This is Glenn's rendition of the “Shroud of Turin,” the burial cloth that many believe to have been wrapped around Jesus in those sorrowful days in the tomb following the cross, miraculously imprinting our Savior’s face into the fabric. Glenn literally sanded down his painted rendition of Jesus' face to create the same effect that you would see on the shroud.

Glenn had Oxford Ph.D. and pastor Jeremiah Johnson on his show to discuss the historicity of the Shroud of Turin, and the evidence for it is nothing short but breathtaking. Johnson mentioned how C.S. Lewis had a painting of the Shroud in his home to always remind him that "my God has a face." Glenn's painting could be the same reminder of hope in your home.

View art HERE.

Jesus

A message from Glenn:

While painting the Shroud [of Turin], it made me wonder, “What did Jesus’ face look like at the very moment of His resurrection? What if we had a shroud capturing the very moment when Jesus arose from death to life?”

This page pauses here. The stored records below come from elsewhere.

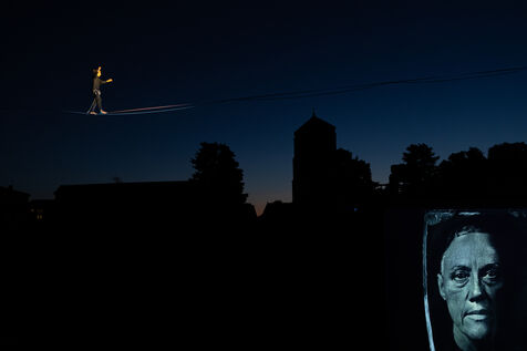 Dès les premières minutes, le public a été transporté par une performance aérienne de la compagnie Gratte Ciel. Deux funambules ont dansé dans les airs, suspendus devant un immense écran où défilaient des images. Une mise en scène spectaculaire, ponctuée de jeux d’ombres sur les photos projetées, a captivé les quelque 2 500 spectateurs, venus nombreux jusqu’aux pieds de la scène pour assister à ce moment suspendu et à la venue exceptionnelle de Nan Goldin, lauréate du prix Women in Motion 2025, qui distingue les femmes photographes.
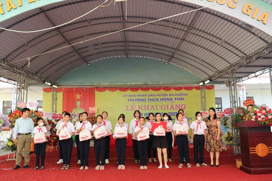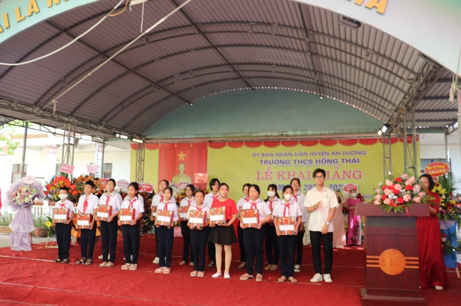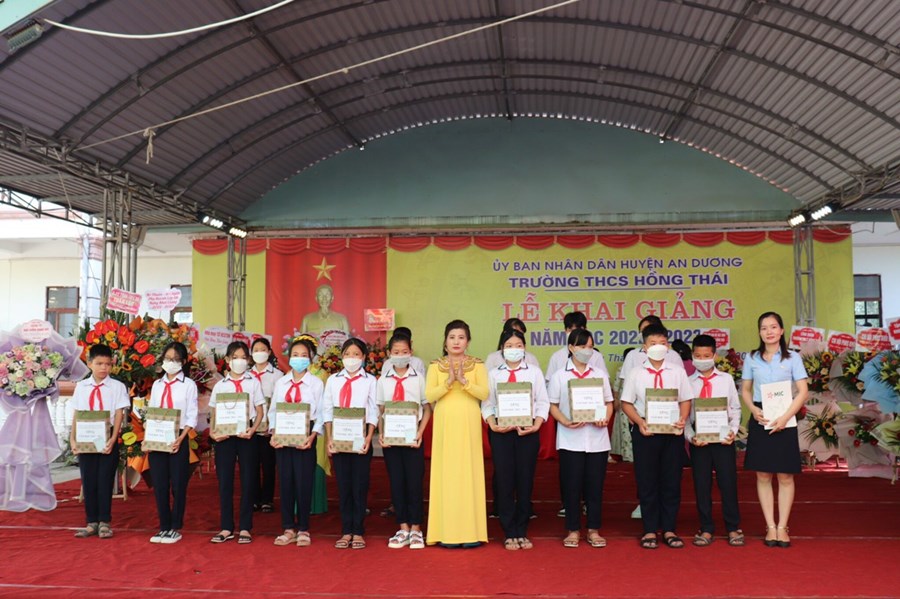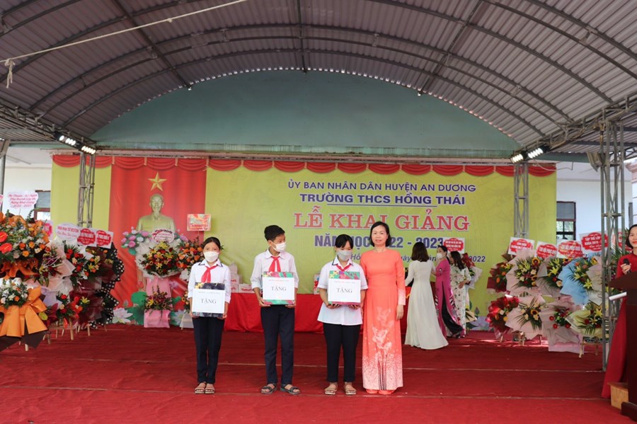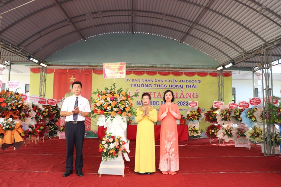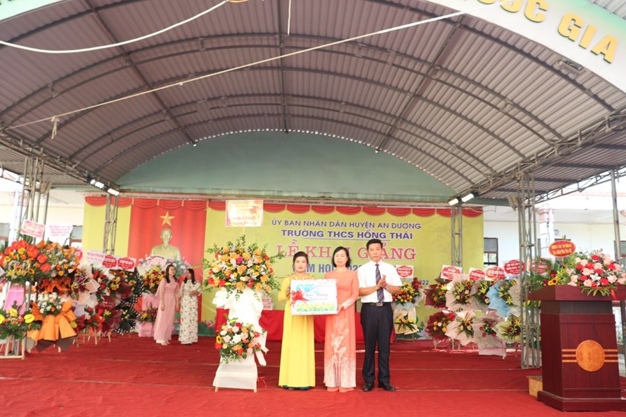Đến dự buổi lễ và động viên thầy trò nhà trường có các đồng chí đại biểu đại diện Huyện uỷ, UBND, UBMTTQ huyện An Dương; Đảng uỷ, UBND, UBMTTQ và các ban ngành đoàn thể xã Hồng Thái; phóng viên báo Gia đình và xã hội, Ban đại diện CMHS nhà trường cùng các đơn vị tài trợ.
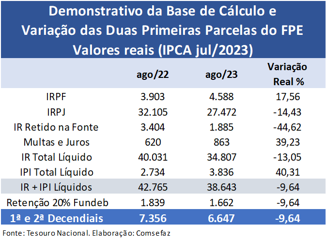 Até o momento, a transferência do FPE em agosto, consideradas essas primeira e segunda parcelas, apresentou queda real de 9,64%, corrigidos pelo IPCA. As duas primeiras parcelas do FPE caíram de R$ 7,56 bilhões em agosto/2022 para R$ 6,64 bilhões em agosto de 2023, conforme mostra a tabela abaixo.
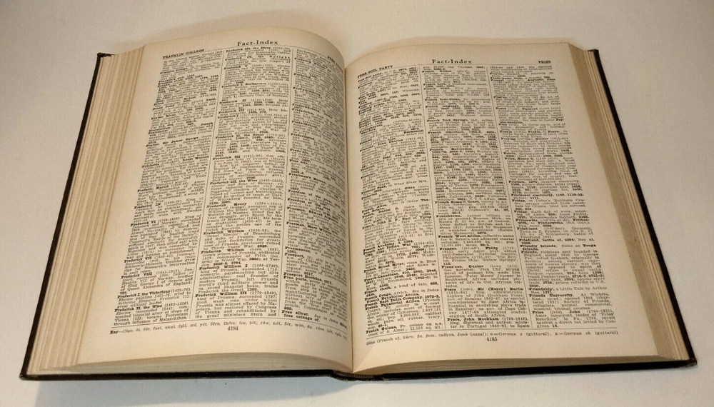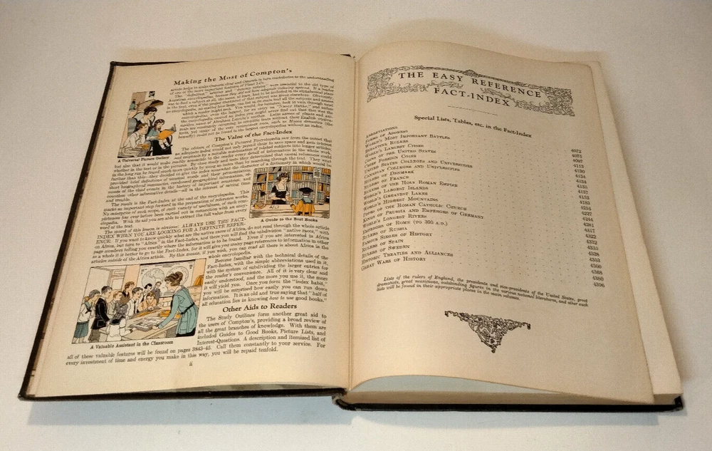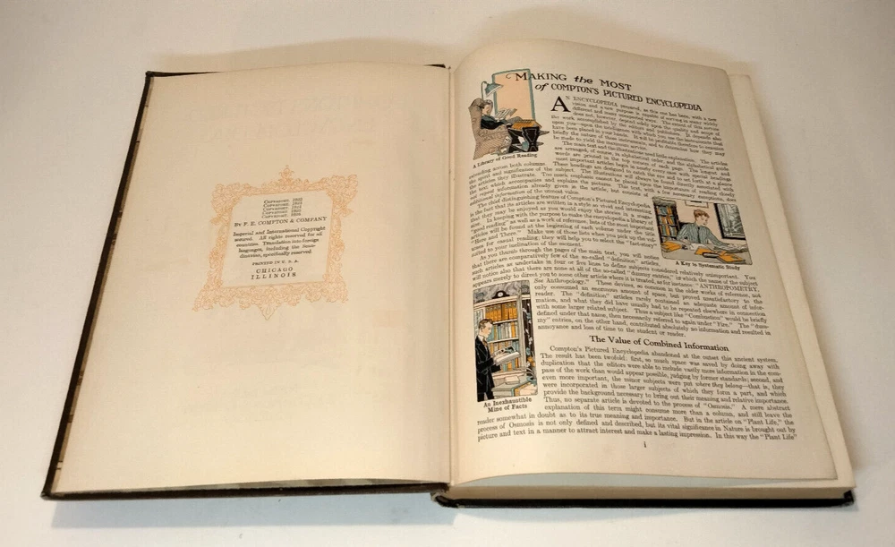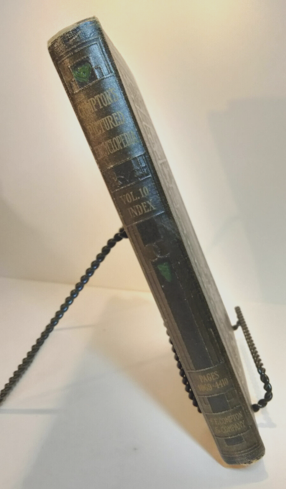 For sale is Volume 10, Index, of Compton's Pictured Encyclopedia 1927 edition. Published by F.E. Compton and Company of Chicago. This is a leather bound book that is 341 pages in length. It is a fascinating and detailed look at the world of the 1920's. First published in 1922, Compton's Pictured Encyclopedia was unique in its unprecedented number of pictures and illustrations. These books are incredible just for all of the pictures themselves, in a time where opportunities for photographs were few and far between. Additionally, there are a number of color illustrations, which was not nearly as common at the time. Ultimately F.E. Compton and Company was purchased by Encyclopedia Britannica in the early 1960's, and its modern continuation is published under the name of "Compton's by Britannica". See description above. Ships with USPS Media Mail.
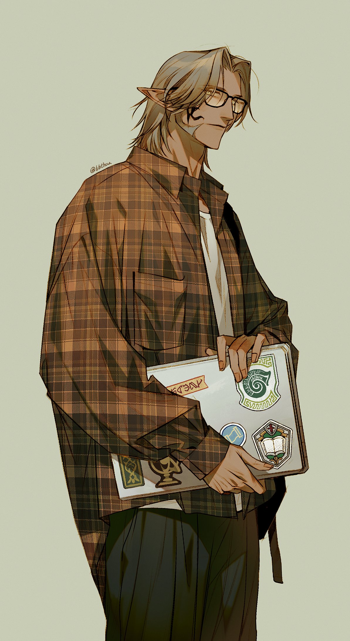 1boy alternate_costume bbthou bespectacled black-framed_eyewear black_pants brown_hair brown_shirt collared_shirt commentary_request computer contemporary cowboy_shot elezen elf expressionless eyes_visible_through_hair facial_tattoo final_fantasy final_fantasy_xiv flannel from_side glasses highres holding holding_laptop korean_commentary laptop long_sleeves looking_at_viewer male_focus medium_hair pants pointy_ears shirt sideburns signature simple_background solo standing sticker tattoo twitter_username unmoving_pattern urianger_augurelt white_shirt yellow_background yellow_eyes
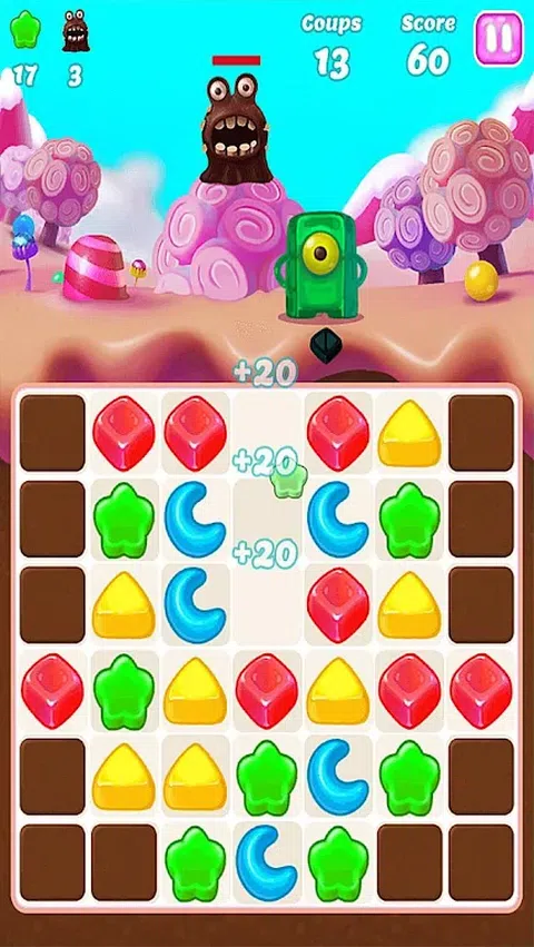 但不用担心!如果您无法在手头的移动数量内完成关卡目标,您可以随时选择使用您收集的奖励积分购买更多移动。 在五十个越来越困难的关卡中,您将与想要偷走您的糖果并保护糖果的怪物进行一场精彩的战斗。立即玩 Best Candy Friends 免费享用这些糖果
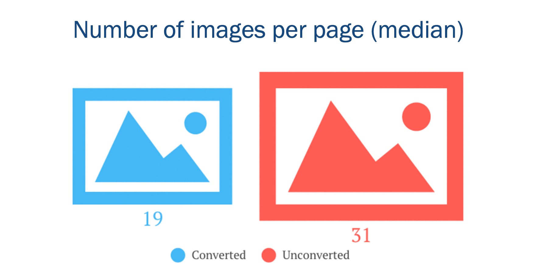 - Images – Often the greatest contributor to page bloat. Looking at the 90th percentile of the distribution of page weight, images account for a whopping 5.7 MB of a roughly 8.2 MB page. In other words, images comprised almost 75% of the total page weight. And if that already wasn’t enough, the number of images on a page has been linked to lower conversion rates on retail sites. (More on that later.)
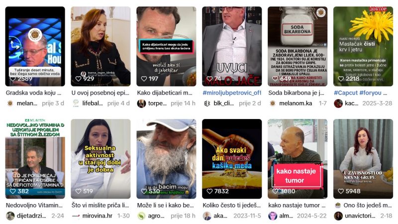 Prateći dezinformacijski sadržaj na TikToku*, počeli smo primjećivati snažniju prisutnost dezinformacija ili neprovjerenih informacija vezanih uz zdravlje, a to znači da bi nam se u mjesec dana na našem For You pageu pojavilo više od pet videa s takvim sadržajem, i to sa značajnim dosegom od više tisuća pregleda.
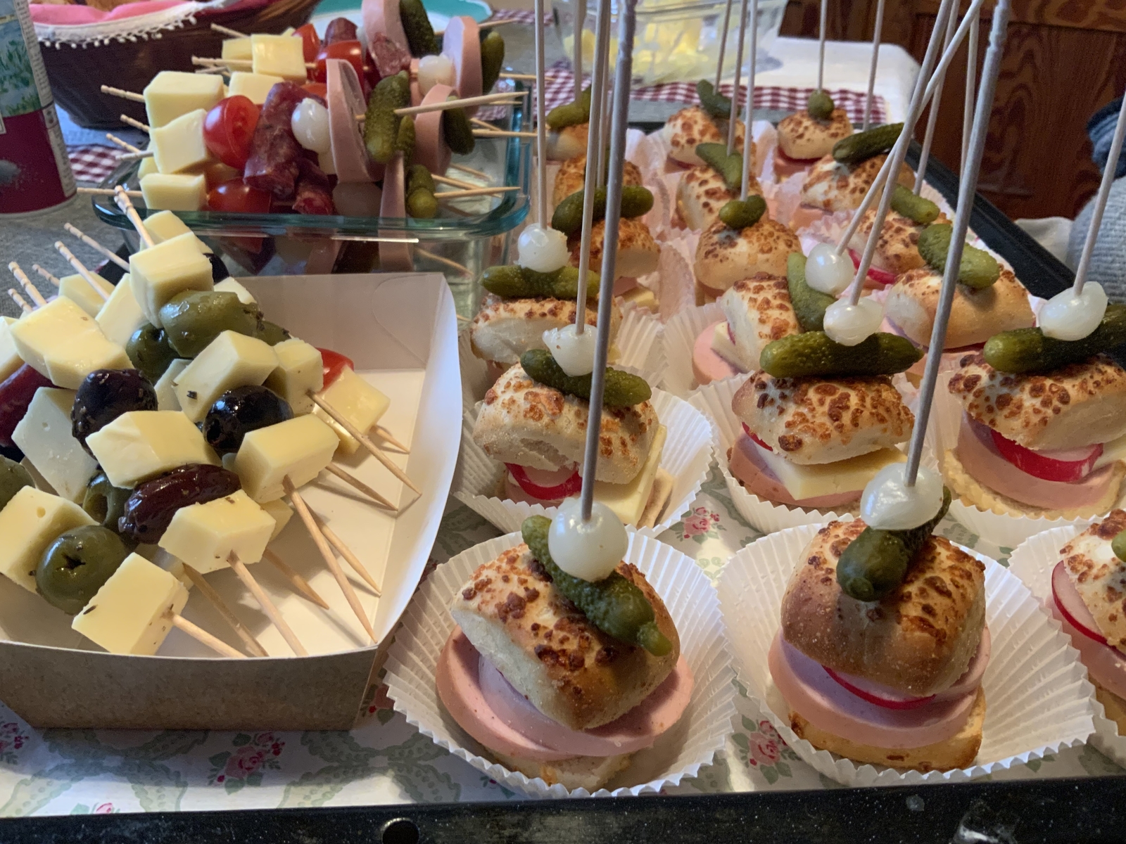 Die Spießchen waren mit Gouda, Tomate, Pfeffermettwurst, Silberzwiebel, Fleischwurst und Honig-Cornichon.
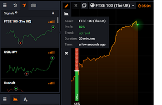Cogli il momento sulle previsioni corrette grazie allo strumento di analisi chiamato "Segnali". Tutti i trend del mercato vengono visualizzati in modo automatico sul lato sinistro dei grafici. Si può vedere a colpo d’occhio la direzione dei movimenti di ciascun asset.
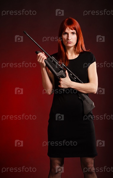 Молодая женщина в черном платье со снайперской винтовкой на красном фоне
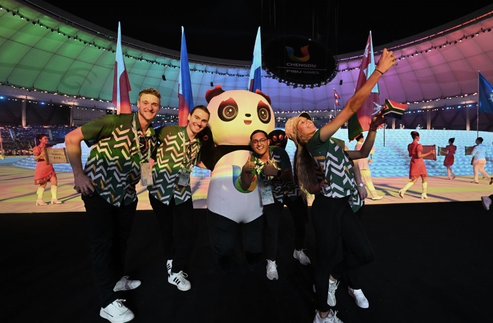 南非大學(xué)生體育代表團(tuán)在開幕式上入場(chǎng)。
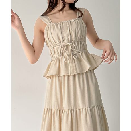 リネン混フロントリボンビスチェ+ティアードスカートset

The painting of the Shroud captures the tired countenance of Jesus, having endured the suffering of the cross and peacefully awaiting His glorious resurrection. In contrast, the resurrected face of Jesus in this painting is happy now that the pain and suffering of the cross is over. His mouth is firm with determination to see His Father’s mission complete, yet His eyes compassionately gaze into those of the viewers, beckoning them to accept the joy and peace that He offers. His overall countenance is peaceful and relieved, that by His suffering, others can be saved and redeemed. That is what inspired this painting.

View art HERE.

Praise In All Things

This painting shows Corrie Ten Boom and her sister Betsie in the Ravensbruck Concentration Camp. The Ten Booms, a devout Christian family from Amsterdam, were caught by the SS protecting Jews in their home, and they were all sentenced to concentration camps.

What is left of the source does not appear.